Commençons, continuons ... (suite après les vacs ^^)
Aymeric prit une inspiration et son courage à deux mains, puis releva la tête et s’entendit demander :
"Maître, je vous prie de me pardonner mais… que fait-on exactement ici ?"
"Nous
attendons, petit", lui répondit-il sans même se retourner. Et, comme
pour lui, il ajouta : "Comme toujours. Il adore se faire attendre…"
Le
ton de son maître signifiait clairement qu’il n’irait pas plus loin,
alors Aymeric se replongea dans la contemplation morose du ruban de
l’autoroute qui se déroulait en contrebas. Le flot hypnotisant des
voitures le berçant, il laissa ses pensées aller faire un tour : il
était trop nerveux, il n’aimait pas ça. Mais, déformation
professionnelle, il ne pouvait s’empêcher d’admirer le travail accompli
: à peine avaient-ils fini par trouver un moyen pour s’installer
confortablement qu’il avait suffi de leur suggérer un petit tassement
de terrain pour que, même pas dix mille ans plus tard, ils se
construisent tout seuls un réseau huit voies, histoire d’aller voir le
plus vite possible si, derrière l’horizon, ce serait pas un peu mieux.
Fuite de la mort vers la mort, à 140 kilomètres-heure. A partir d’une
toute petite observation -un peu aidée certes-, ça c’était du bon
boulot.
"Ces humains sont formidables."
Le son de sa propre
voix fit sursauter Aymeric, qui s’aperçut qu’il était seul : son maître
s’avançait désormais vers les deux silhouettes blanches qui venaient de
sortir de l’ombre. Aymeric manqua de tomber en se remettant
précipitamment debout, à la limite du garde à vous, et frémit lorsque
l’une d’elle prit la parole :
"Bonsoir, Méphistophélès. "
"Tu es en retard Gabriel, constata calmement Méphisto."
"Exact. "
Un petit silence passa, rapidement. Un plus long le suivit, s’installa et s’endormit.
Aymeric,
tout en s’appliquant à rester dissimulé derrière Méphisto et à ne pas
regarder Gabriel, dévisagea la compagne de ce dernier : elle semblait
assez jeune –trop jeune pour mourir, pensa-t-il avec un peu d’amertume,
et jolie, mais son visage était fermé, regard fixe et dur.

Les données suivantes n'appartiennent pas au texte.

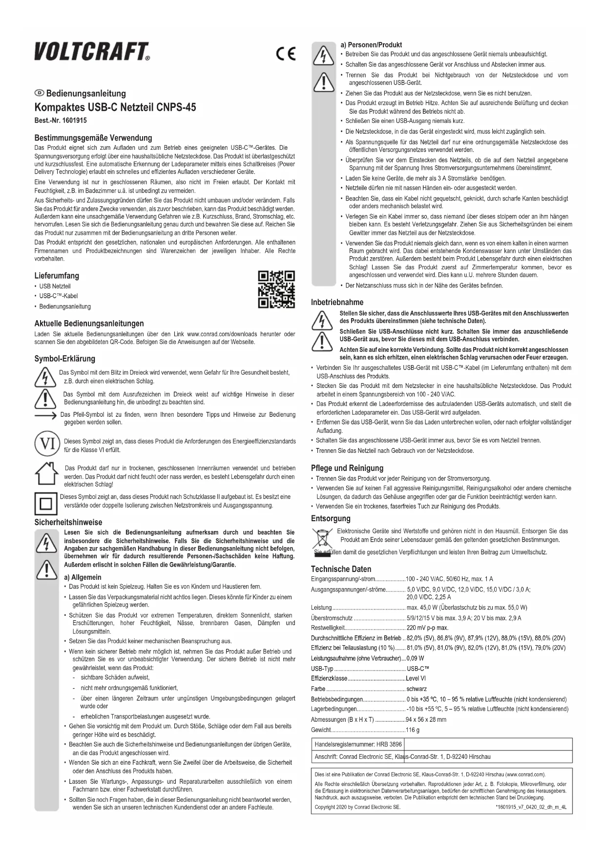 - Disconnect the product from the mains socket when you are not using it. This is a publication by Conrad Electronic SE, Klaus-Conrad-Str. 1, D-92240 Hirschau (www.conrad.com). All rights including translation reserved. Reproduction by any method (e.g. photocopying, microlming, or the capture in electronic data processing systems) requires prior written approval from the editor. Reprinting, also in part, is prohibited. This publication represent the technical status at the time of printing. Copyright 2020 by Conrad Electronic SE. *1601915_v7_0420_02_dh_m_4LMode d'emploi Bloc d'alimentation USB-C compact CNPS-45 Nº de commande 1601915 Utilisation prévue Ce produit permet de recharger et d'alimenter un appareil USB-C™ compatible. L’alimentation en énergie électrique est fournie via une prise de courant domestique classique. Le produit est protégé contre les surcharges et courts-circuits. Une détection automatique des paramètres de charge via un circuit intégré (Technologie Power Delivery) permet le chargement rapide et efcace de différents appareils. L'utilisation est uniquement autorisée en intérieur, dans les locaux fermés ; l'utilisation en plein air est interdite. Éviter impérativement tout contact avec l'humidité, par ex. dans une salle de bains, etc. Pour des raisons de sécurité et d'homologation, toute transformation et/ou modication du produit est interdite. Si vous utilisez le produit à d’autres ns que celles décrites précédemment, vous risquez de l’endommager. Par ailleurs, une utilisation incorrecte peut être source de dangers tels que court-circuit, incendie, électrocution. Lisez attentivement le mode d'emploi et conservez-le. Ne donnez le produit à un tiers qu'accompagné de son mode d'emploi. Le produit est conforme aux exigences des directives européennes et nationales en vigueur. Tous les noms d'entreprises et appellations de produits contenus dans ce mode d'emploi sont des marques déposées des propriétaires correspondants. Tous droits réservés. Contenu

Il
connaissait ça. Elle finirait par s’apercevoir que ça servait à rien,
surtout parce qu’en fait personne n’en avait quoi que soit à faire.

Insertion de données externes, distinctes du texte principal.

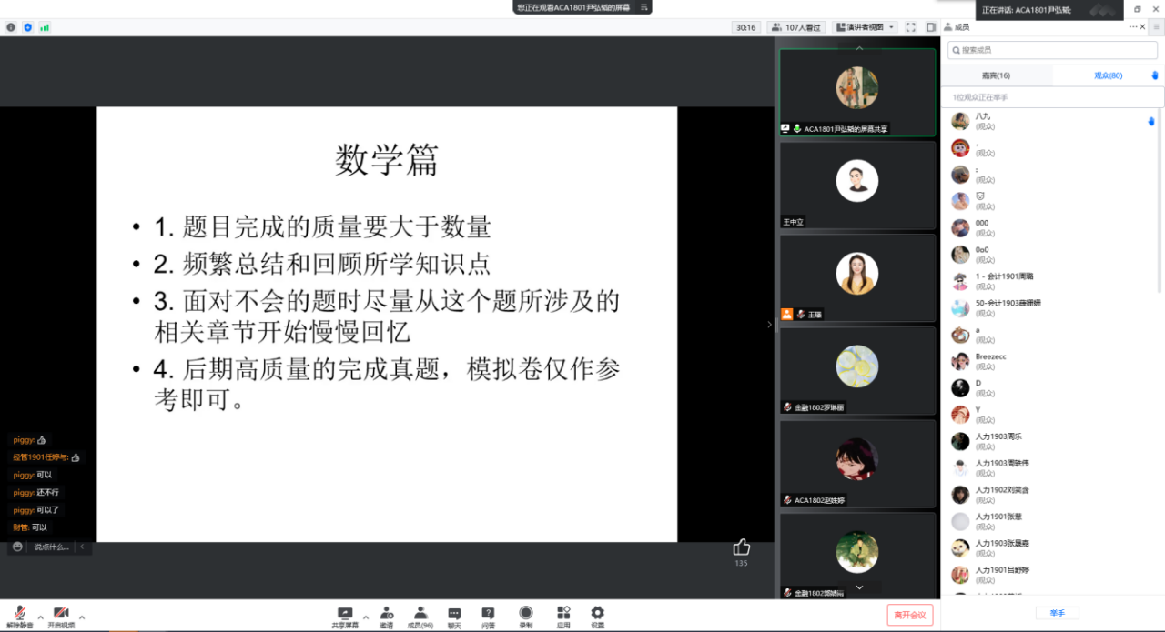 會議首先由輔導(dǎo)員王中立進(jìn)行考研動員介紹,就當(dāng)前畢業(yè)生所面臨的考研形勢進(jìn)行分析,并鼓勵大家堅(jiān)定考研信心,科學(xué)選擇目標(biāo),潛心復(fù)習(xí)備考,爭取順利上岸。18位優(yōu)秀考研畢業(yè)生代表依次進(jìn)行經(jīng)驗(yàn)分享,他們從自身考研經(jīng)歷出發(fā),圍繞如何選取院校專業(yè)、制定復(fù)習(xí)計(jì)劃、調(diào)整備考心態(tài)以及復(fù)試中的注意事項(xiàng)等方面進(jìn)行交流,并著重介紹了考研英語和數(shù)學(xué)科目的學(xué)科特點(diǎn)、知識難點(diǎn)、考試重點(diǎn)、復(fù)習(xí)要點(diǎn),并建議大家在備考途中要以堅(jiān)持不懈的恒心、持之以恒的耐心、百折不撓的信心去面對挫折與挑戰(zhàn),要培養(yǎng)總結(jié)知識的歸納能力,對待錯題、難題、偏題要及時(shí)進(jìn)行分類整理與鞏固,日積月累、有效提高。輔導(dǎo)員王璟和王中立對本次考研經(jīng)驗(yàn)交流分享會表示肯定與支持,同時(shí)強(qiáng)調(diào)備考同學(xué)要以充足的信心、飽滿的熱情、科學(xué)的方法、合理的計(jì)劃對待艱苦奮斗的考研之路,相信大家通過努力終將實(shí)現(xiàn)夢想。

Ce fut Gabriel qui finit par chasser le silence qui commençait à s’ennuyer ferme :
"Où est Faust ? "
"Et bien, en fait…" entama Méphisto, avant de chercher ses mots.
"Oui ?"
"Il
peut pas venir ce soir. Il s’excuse, mais il a enfin réussit à
s’organiser une petite soirée avec sa Marguerite, tu sais ce que… "
Il s’arrêta brusquement, dans l’attente de la réaction de son vis-à-vis, qui se contenta de prendre une profonde inspiration.
"Enfin bref, pas là quoi ", finit-il presque honteux.
"Donc nous ne serons que quatre."
"Donc nous ne serons que quatre", se sentit obligé de confirmer Méphisto.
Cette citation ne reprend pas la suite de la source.